As unsavory as the SSNP may be, it deviates from traditional “national socialism” in several regards. Most importantly, it eschews racialist thinking, and even denies the significance of ethnicity in the formation of the Syrian nation. Instead, it foregrounds geography, arguing that a long history of living together within the same naturally bounded space has melded the various peoples of the region into a single nationality.  As explained by Saadeh, the party’s founder:

“The Syrian nation denotes this society which possesses organic unity. Though of mixed origins, this society has come to constitute a single society living in a distinguished environment known historically as Syria or the Fertile Crescent. The common stocks, Canaanites, Chaldeans, Arameans, Assyrians, Amorites, Hiffites [sic], Metanni and Akkadians etc…whose blending is an indisputable historical fact constitute the ethnic-historical-cultural basis of Syria’s unity whereas the Syrian Fertile Crescent constitutes the geographic-economic-strategic basis of this unity.”

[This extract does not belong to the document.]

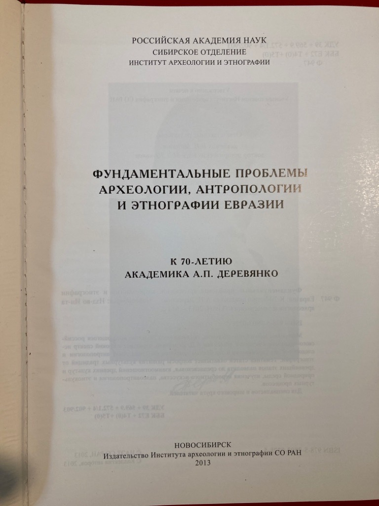 Publisher: Novosibirsk: Institute of Archaeology and Ethnography Press 2013.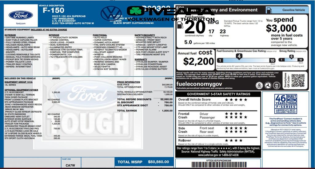 Low Low Miles, 4x4, One Owner & Local Trade In, F-150 XL, Super Cab, 2.7L V6 EcoBoost, 10-Speed Automatic, 4WD, Oxford White, Black Cloth, 2.7L V6 EcoBoost Payload Package, 4-Wheel Disc Brakes, 6 Speakers, ABS brakes, Air Conditioning, AM/FM radio, Auto High Beam, Auto High-beam Headlights, Body-Color Front & Rear Bumpers, Box Side Decals, Brake assist, Class IV Trailer Hitch Receiver, Cloth 40/20/40 Front Seat, Compass, Delay-off headlights, Driver door bin, Dual front impact airbags, Dual front side impact airbags, Electronic Locking w/3.73 Axle Ratio, Electronic Stability Control, Emergency communication system: SYNC 4 911 Assist, Equipment Group 101A Standard, Extended Range 36 Gallon Fuel Tank, Exterior Parking Camera Rear, Front anti-roll bar, Front Center Armrest, Front reading lights, Front wheel independent suspension, Fully automatic headlights, GVWR: 6,480 lbs Payload Package, GVWR: 7,000 lbs Payload Package, Heated door mirrors, Illuminated entry, Integrated Trailer Brake Controller, Interior Work Surface, Lane-Keeping System, Low tire pressure warning, Molded-In Color Black Honeycomb Style Grille, Occupant sensing airbag, Onboard 400W Outlet, Outside temperature display, Overhead airbag, Overhead console, Panic alarm, Passenger door bin, Passenger vanity mirror, Post-Collision Braking, Power door mirrors, Power steering, Power windows, Pre-Collision Assist w/Automatic Emergency Braking, Radio data system, Radio: AM/FM SiriusXM w/360L, Radio: AM/FM Stereo w/6 Speakers, Rear step bumper, Rear Window Fixed Privacy Glass w/Defroster, Rear-View Camera, Remote keyless entry, Reverse Sensing System, Security system, Speed control, Speed-sensing steering, Split folding rear seat, Steering wheel mounted audio controls, STX Appearance Package, SYNC 4, SYNC 4 w/Enhanced Voice Recognition, Tachometer, Telescoping steering wheel, Tilt steering wheel, Traction control, Trailer Tow Package, Trip computer, Unique Sport Cloth 40/20/40 Front-Seats, Variably intermittent wipers, Voltmeter, Wheels: 18" 6-Spoke Machined Aluminum.

Saadeh’s inclusive attitude toward minority groups had it limits, however. While he opined that “immigrant” groups such as the Circassians and Armenians would fully assimilate into the Syrian nation, he expressly excluded Jews from this category. His statements on this issue reflect virulent anti-Semitism:

“But there is one large settlement which can not in any respect be reconciled to the principle of Syrian nationalism, and that is the Jewish settlement. It is a dangerous settlement which can never be assimilated because it consists of a people that, although it has mixed with many other peoples, has remained a heterogeneous mixture, not a nation, with strange stagnant beliefs and aims of its own, essentially incompatible with Syrian rights and sovereignty ideals. It is the duty of the Syrian Social Nationalists to repulse the immigration of this people with all their might.”

All things considered, the Syrian geopolitical environment reveals—yet again—the inadequacy of the standard model of global politics, where all sovereign countries are assumed to be nation-states. The Syrian state may be relatively strong, but the Syrian nation is a tenuous affair, deeply contested by multiple parties with sharply contrasting visions.